Backups are Failing (DRAFT)

Overview

In this scenario, the customer has called with this problem: Backups are failing

 
Problem Description: The customer attempts to disjoin a DXi from Active Directory and when he gets to the form that requests the administrator username and password, the field does not allow any input.
 
When the customer configures the system for segmentation, he is left with an inaccessible GUI or a GUI that does not reflect accurate information. 
 
Available Information: Tech Support has the logs from Samba, the OS, and the DXi software.
 
Tech Support’s Initial Thoughts: Tech Support tries to ssh to the system and remove it from the domain manually. (Remove the .cifs_configured file, refresh the GUI page, and add the system to a workgroup.) The Tech Support person does a grep –r for a particular string against the entire filesystem in an attempt to find the respective configuration file.
 
Questions from Tech Support: Why doesn’t the GUI allow input when disjoining from Active Directory?  Why does it happen sometimes and not others? What is the most appropriate way to help the customer? Should Service/Support have looked at something else in the Active Directory? If so, what and why?
 
 
--------------------------------------------------------------------------------------------

Next Steps: Responses from Engineering

Starting with Galaxy 1.4, disjoining is always a successful operation. See the “Solution for Galaxy 1.4 and later” section below for explanation. Most of the following discussion applies to Pre-Galaxy 1.4.

What should I look for?

Open the collect log and browse to directory node1-collection/nas-info and check the following files:
 

Why is there a failure to disjoin from ADS?

There are many reasons:

Why doesn’t the GUI allow input when disjoining from Active Directory?  Why does it happen sometimes and not others?

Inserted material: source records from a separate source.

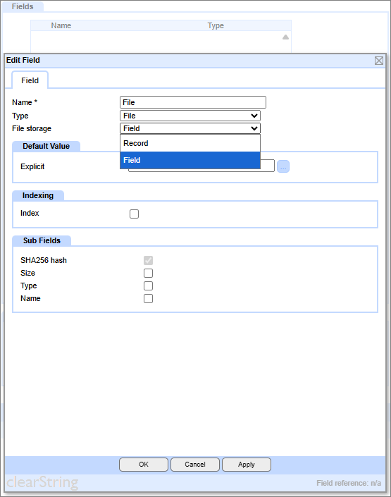 When files are stored at the Field level, they are in a separate folder dedicated to that field in the record. This allows separate fields to have files of the same name without conflict.
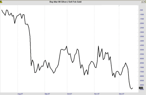 Today we consider an intermarket calendar spread in the metals complex: long February 2008 Silver and short March 2008 Gold. You can take this trade in the Chicago markets at the CBOT, or in the New York markets at the NYMEX. The symbols will differ.
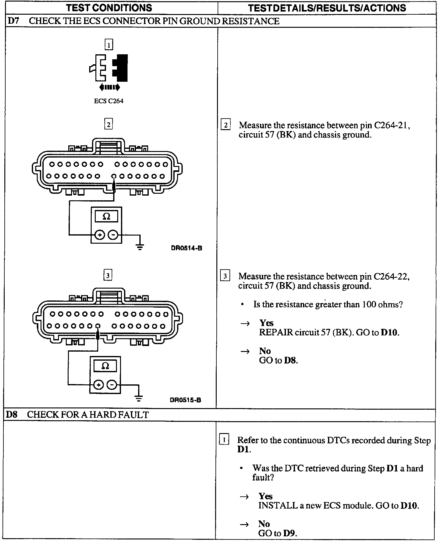 - high resistance on both ECS logic ground circuits 57 (BK).
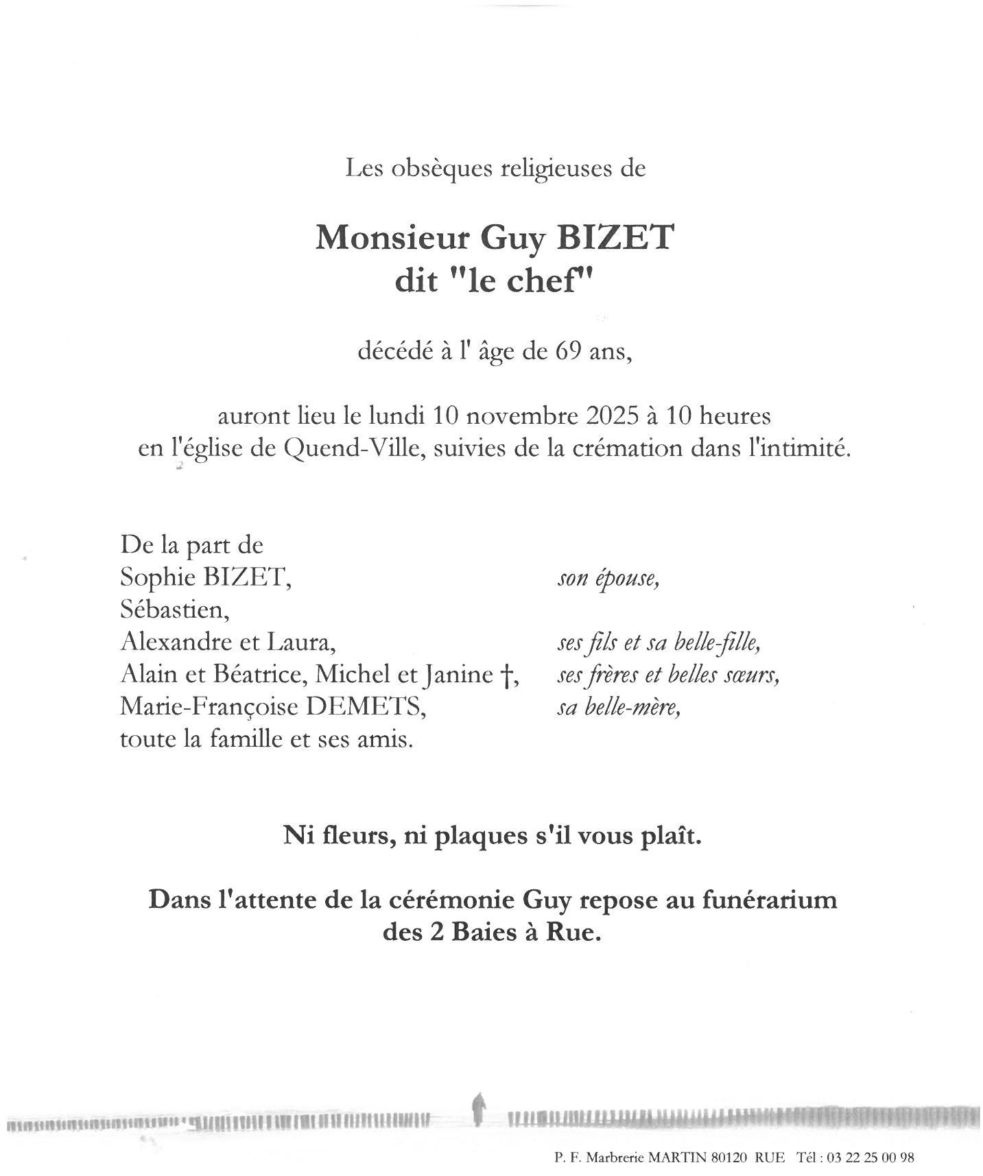 Cette page vous permet de présenter vos condoléances à la famille et de partager l'avis de décès de Guy.

The short answer is that the CIFS configuration file (/etc/samba/smb.conf) has been tampered/corrupted and the ADS information is lost. Therefore, the GUI does not recognize the domain state (ADS or workgroup) of the CIFS server.

 

The proper procedure is to first use the DXi GUI to disjoin. This step is then optionally followed by logging on MMC tool to delete the DXi machine account from the domain. But some ADS administrators tend to do the reverse.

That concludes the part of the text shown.